**REQUIRED ACTION**
Could you print exactly the lines of the listing below, starting at the line that has "Mitte September lud" and ending at the line that has "Haz una captura", and only those lines?

**ENTRIES SHOWN**
+ + + + + + +
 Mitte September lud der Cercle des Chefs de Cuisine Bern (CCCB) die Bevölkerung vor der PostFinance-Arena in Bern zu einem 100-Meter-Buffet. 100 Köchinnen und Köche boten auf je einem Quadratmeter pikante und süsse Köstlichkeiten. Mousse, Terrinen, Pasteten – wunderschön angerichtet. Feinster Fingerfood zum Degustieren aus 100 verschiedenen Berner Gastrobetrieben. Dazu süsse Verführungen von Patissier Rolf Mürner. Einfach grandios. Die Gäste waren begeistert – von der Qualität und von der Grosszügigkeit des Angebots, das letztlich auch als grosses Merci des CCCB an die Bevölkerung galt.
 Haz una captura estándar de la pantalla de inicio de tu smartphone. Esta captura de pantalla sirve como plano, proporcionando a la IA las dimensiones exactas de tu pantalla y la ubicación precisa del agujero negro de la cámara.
+ + + + + + +
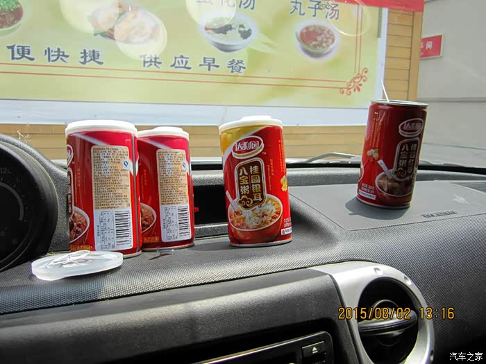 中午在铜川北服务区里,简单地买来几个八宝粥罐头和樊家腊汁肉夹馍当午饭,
+ + + + + + +
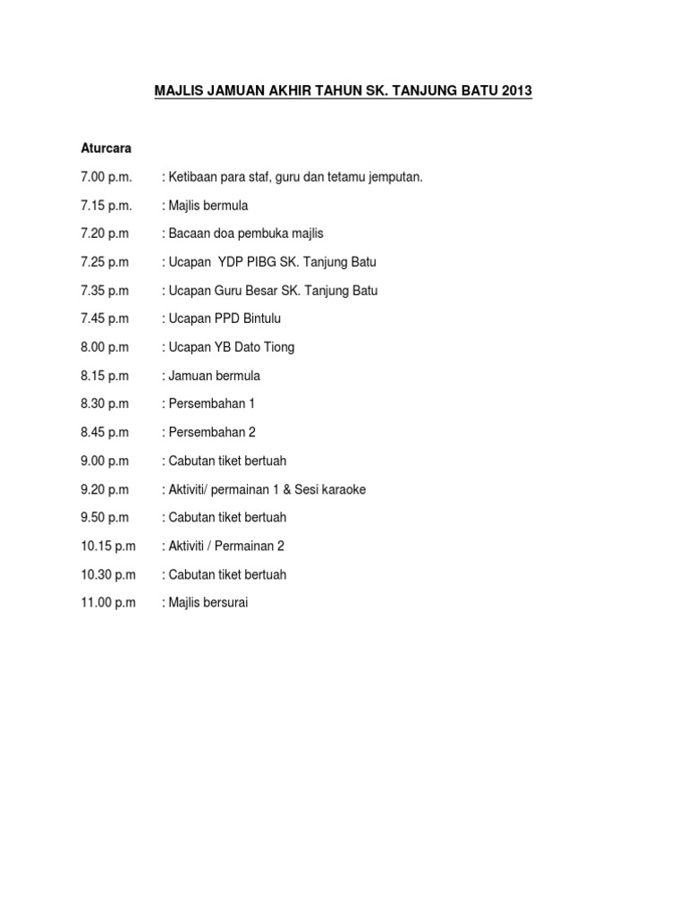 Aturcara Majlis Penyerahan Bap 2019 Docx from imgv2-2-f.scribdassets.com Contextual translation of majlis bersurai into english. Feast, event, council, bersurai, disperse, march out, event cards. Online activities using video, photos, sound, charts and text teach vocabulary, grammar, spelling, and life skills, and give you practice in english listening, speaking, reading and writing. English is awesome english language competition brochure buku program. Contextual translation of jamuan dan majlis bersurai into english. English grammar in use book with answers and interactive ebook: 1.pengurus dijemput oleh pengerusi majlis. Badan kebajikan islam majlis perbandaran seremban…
+ + + + + + +
**ANSWER SECTION**
 Mitte September lud der Cercle des Chefs de Cuisine Bern (CCCB) die Bevölkerung vor der PostFinance-Arena in Bern zu einem 100-Meter-Buffet. 100 Köchinnen und Köche boten auf je einem Quadratmeter pikante und süsse Köstlichkeiten. Mousse, Terrinen, Pasteten – wunderschön angerichtet. Feinster Fingerfood zum Degustieren aus 100 verschiedenen Berner Gastrobetrieben. Dazu süsse Verführungen von Patissier Rolf Mürner. Einfach grandios. Die Gäste waren begeistert – von der Qualität und von der Grosszügigkeit des Angebots, das letztlich auch als grosses Merci des CCCB an die Bevölkerung galt.
 Haz una captura estándar de la pantalla de inicio de tu smartphone. Esta captura de pantalla sirve como plano, proporcionando a la IA las dimensiones exactas de tu pantalla y la ubicación precisa del agujero negro de la cámara.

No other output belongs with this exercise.